It was Saturday, November 12, 2011. My last full day of work, feeling nervous, I worked the day alone. All day I was thinking, I can't believe I'm doing this. What will tomorrow bring, will I be able to make this happen? As my mind raced 90 to nothing with what seemed to be a million thoughts and questions, I was scared and excited at the same time. This is something I've never done before, the beginning of a journey that would be fulfilled by faith. It has literally been a walk directed by GOD.
Today is the 2 year anniversary since I took that leap of faith and walked away from my full time job. I left behind stress, unhappiness, and the feeling of being stagnant in my current position. I didn't really want to move forward in the job, because I knew after 5 years I didn't want to make it a career. Before I left, everyday for 3 years I searched daily for a new job, a new adventure, or the possibility to start a new career, but nothing happened. There even came a point in time where I applied for pretty much anything, I felt desperate. I WANTED OUT! Over qualified for some, under qualified for others, and a few that seemed to be that perfect match! AAAAH!!! This is the one, interview went well, I'm all smiles!!! Right? Wrong! Even that one fell through. Bummed, sad, irritated, unhappy, miserable, and frustrated every negative word you can think of described how I felt doing something I no longer wanted to do. How does a girl, who is young, smart, educated, talented, and experienced end up in this place? I felt as if I was "selling out", selling out to a job just because I knew I would be paid every two weeks and I "needed" the money, selling out, because having a job was what I'm supposed to do, selling out, because I couldn't find anything to replace what I was currently doing. I woke up every morning before work dreading to walk through those doors. UUhhhggg, this again, what's the purpose? Why am I here?
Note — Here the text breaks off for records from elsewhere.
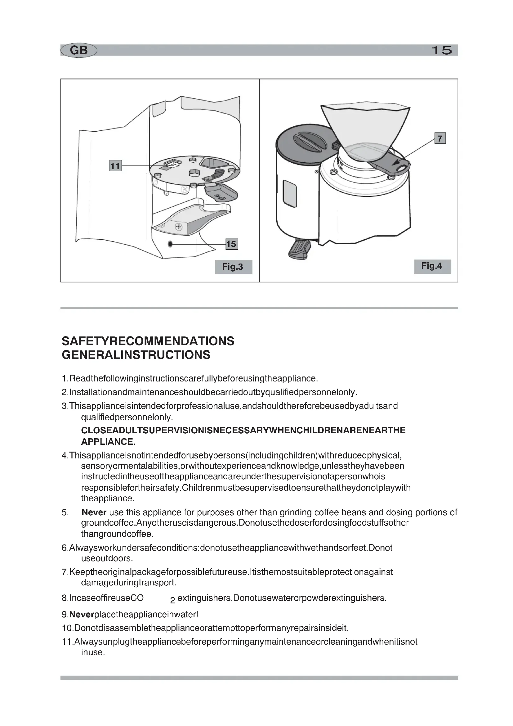 2.Installationandmaintenancesshouldbecarriedoutbyqualifiedpersonnelonly. - This appliance is intended for professional use, and should therefore be used by adults and qualified personnel only.
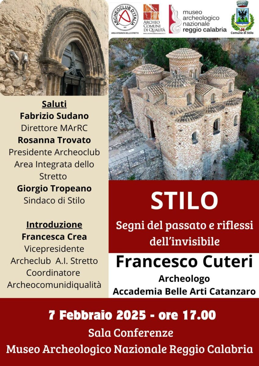 Dopo i saluti del dr. Fabrizio Sudano, Direttore del MArRC, della dott.ssa Rosanna Trovato, Presidente di Archeoclub Area Integrata dello Stretto e del dr. Giorgio Tropeano, Sindaco di Stilo e l’introduzione della dott.ssa Francesca Crea, Vicepresidente di Archeoclub e Coordinatore di ArcheoComunidiqualita’, Francesco Cuteri tratterà il tema “ Stilo.Segni del passato e riflessi dell’invisibile”.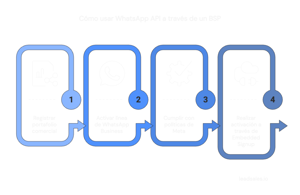 Con un BSP como Leadsales, los pasos que tienes que seguir para usar la API de WhatsApp son los siguientes:

I found the answer in Oct. 2011 on merriam-webster.com. A few weeks before this walk of faith happened. I took a three day took trip to Atlanta with my BFF Brandy for the WPPI-U photography conference. The conference consisted of three full days of workshops, learning, and mentoring several successful photographers. I left the workshop every evening ecstatic! Ecstatic about this new found love of being a photographer. As I walked back to our hotel on the streets of downtown Atlanta alone, feeling happy, motivated, ready to take being a photographer to another level, I didn't realize the extent of what this journey would be. All I knew is I was ready!
On that evening, in the hotel room as I read over my notes from the workshop that day, while chatting with Brandy about life, freedom, and fancy, I began doing a little research. I was working on perfecting my new Boudoir website for Fancy. You know, in business, marketing is very important, you want your work to be appealing to the potential client in every area, visually, even down to every "i" dotted and "t" crossed when someone is reading about your services. I was looking into wording for my boudoir website that would catch the clients attention! Looking for every word that would describe a boudoir experience with me, every single word that would describe Fancy! As I began my search I started with the thesaurus on merriam-webster.com. Typed in the word "Fancy" and a list of words appeared on the list. The word that stuck out to me the most was "Whim". My first thought, how does "fancy" and "whim" relate?
Click! The light bulb turned on!!!! Brandy, Brandy, Brandy! This is it! I must quit my job!!! "What?" with excitement said Brandy! Yes, come quick, read this!!!
As a furthered my researched, digging deeper to understand the meaning of the simplest word, God spoke to me using the definition of whim, how it relates to fancy, and what I needed to do in order to make it happen. Just quit.
Why are we afraid to quit? Because we have in our minds that "quitting" is a matter of giving up or when you quit there is no longer that safety net.
But I'm here to testify, when you follow the direction of God, it isn't a matter of giving up, or a matter of letting go of your safety, but its the matter of learning how to walk a mile by faith.
Faith as I know it is "the substance of things hoped for, the evidence of things not seen." Hebrews 11:1
Fancy according to one of the many definitions on m-w.com b : to believe without being certain
Faith = Fancy! They have the same meaning.
This simplest idea for a photo session has turned to into the most amazing walk by Faith that in turn has a purpose and a mission, to empower and inspire women, to seek happiness, joy, peace, contentment, self assurance, and freedom, by Faith.
Now, many of you know my story and have followed me from the beginning on this journey of my life as a full time photographer. In the past 24 months I have been a full-time photographer and business owner. What I used to do for someone else, I now do for myself. What exactly is that? Manage and Supervise myself and the operations of my business. I must say, it is not as easy as it seems, but it's rewarding and worth every single minute.
24 Months ago, I walked away from frustration and misery to follow the vision God gave me. In turn, I walked into joy, happiness, and Fancy!!!!!